Algunos observadores vaticanos han interpretado la publicación como una señal de que el nombramiento de laicos al frente de uno o más dicasterios podría ser inminente. El cardenal señaló que “algunos desearían, en los albores del nuevo pontificado, que se reafirmara el estrecho vínculo entre el ministerio ordenado y la función de gobernar en la Iglesia”. Sin embargo, escribió Ouellet, ese vínculo no implica que “el sacramento del Orden sea la fuente exclusiva de todo gobierno en la Iglesia”.

La reforma de la Curia emprendida por Francisco en 2022 (con Praedicate Evangelium) abrió el camino para que laicos y religiosos profesos puedan dirigir dicasterios, los distintos departamentos que conforman la estructura interna del Vaticano. Aunque el Dicasterio para la Comunicación está dirigido por un laico desde 2018, el pontífice nombró posteriormente a la hermana Simona Brambilla al frente del dicasterio para la Vida Consagrada y a la hermana Raffaella Petrini para supervisar el gobierno del Estado de la Ciudad del Vaticano. El papa León XIV intervino posteriormente para regularizar la situación de Petrini, ya que una ley vaticana establecía que el presidente del gobierno del microestado debía ser cardenal. Ese gesto indicó que ese nombramiento no sería revertido.

Citando el derecho canónico, Ouellet afirmó que los fieles laicos ya están habilitados para “cooperar en el ejercicio” del gobierno eclesial. “No se trata de confiarles tareas propiamente sacramentales en sentido cristológico, sino de integrar sus carismas al servicio del Espíritu Santo, que preside la comunión de la Iglesia en todas sus expresiones”, escribió. “Los carismas del Espíritu Santo -agregó el cardenal- tienen su propio peso de autoridad en los ámbitos en los que no es necesaria la ordenación sacramental, en los que incluso puede ser oportuno que la competencia sea de otro orden”, como en la gestión de los recursos humanos, la administración de la justicia, la gestión financiera o el diálogo ecuménico.

El cardenal también apunta a una carencia del derecho canónico actual, que —según denuncia— carece de herramientas para discernir los carismas, al haber relegado la pneumatología.
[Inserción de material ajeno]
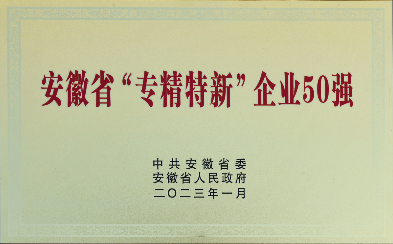 國(guó)家級(jí)專精特新重點(diǎn)“小巨人”企業(yè)、國(guó)家級(jí)高新技術(shù)企業(yè)、安徽省“專精特新”企業(yè)50強(qiáng)

Por eso reclama un nuevo diálogo entre teólogos y canonistas que permita el desarrollo de una auténtica “ley de la gracia”, capaz de integrar con normalidad a laicos y religiosos en tareas de gobierno, también en diócesis y curias locales. Para el purpurado, este cambio puede ayudar además a sanar una imagen del ministerio pastoral profundamente dañada por “el clericalismo, la mentalidad de casta, la salvaguarda de privilegios y la ambición de escalar en la jerarquía”.

Defendiendo una concepción de la autoridad fundada en las capacidades otorgadas por Dios más que exclusivamente en la ordenación, Ouellet escribió que cuando el Papa nombra a alguien para un cargo directivo, “confía a una persona reconocida como competente en un determinado nivel de experiencia eclesial, en virtud de un carisma, una responsabilidad superior que sigue estando enmarcada y garantizada por la jurisdicción global del Santo Padre sobre la Curia romana”.

Es decir, bajo las reformas de Francisco, aunque un alto funcionario vaticano no sea obispo, ello es legítimo, ya que el Papa mantiene la autoridad suprema. “No tengo ninguna duda de que el gesto del papa Francisco es prometedor para el futuro, ya que inaugura un reconocimiento de la autoridad de los carismas por parte de la autoridad jerárquica”, concluyó el cardenal.

Laicos en puestos de autoridad en la Curia: cardenal Ouellet (texto completo)

Entre las decisiones audaces del papa Francisco hay que contar el nombramiento de laicos y religiosas para puestos de autoridad que normalmente se reservan a ministros ordenados, obispos o cardenales, en los dicasterios de la Curia romana. El Papa ha justificado esta innovación por el principio sinodal que exige una mayor participación de los fieles en la comunión y la misión de la Iglesia. Sin embargo, esta iniciativa choca con la costumbre ancestral de confiar los puestos de autoridad a ministros ordenados. Esta costumbre se apoya, sin duda, en el Concilio Vaticano II, que definió la sacramentalidad del episcopado (LG 21). De ahí el malestar ante una decisión papal que se respeta, pero que se considera quizás provisional. Hasta tal punto que algunos desearían, en los albores del nuevo pontificado, que se reafirmara el estrecho vínculo entre el ministerio ordenado y la función de gobernar en la Iglesia.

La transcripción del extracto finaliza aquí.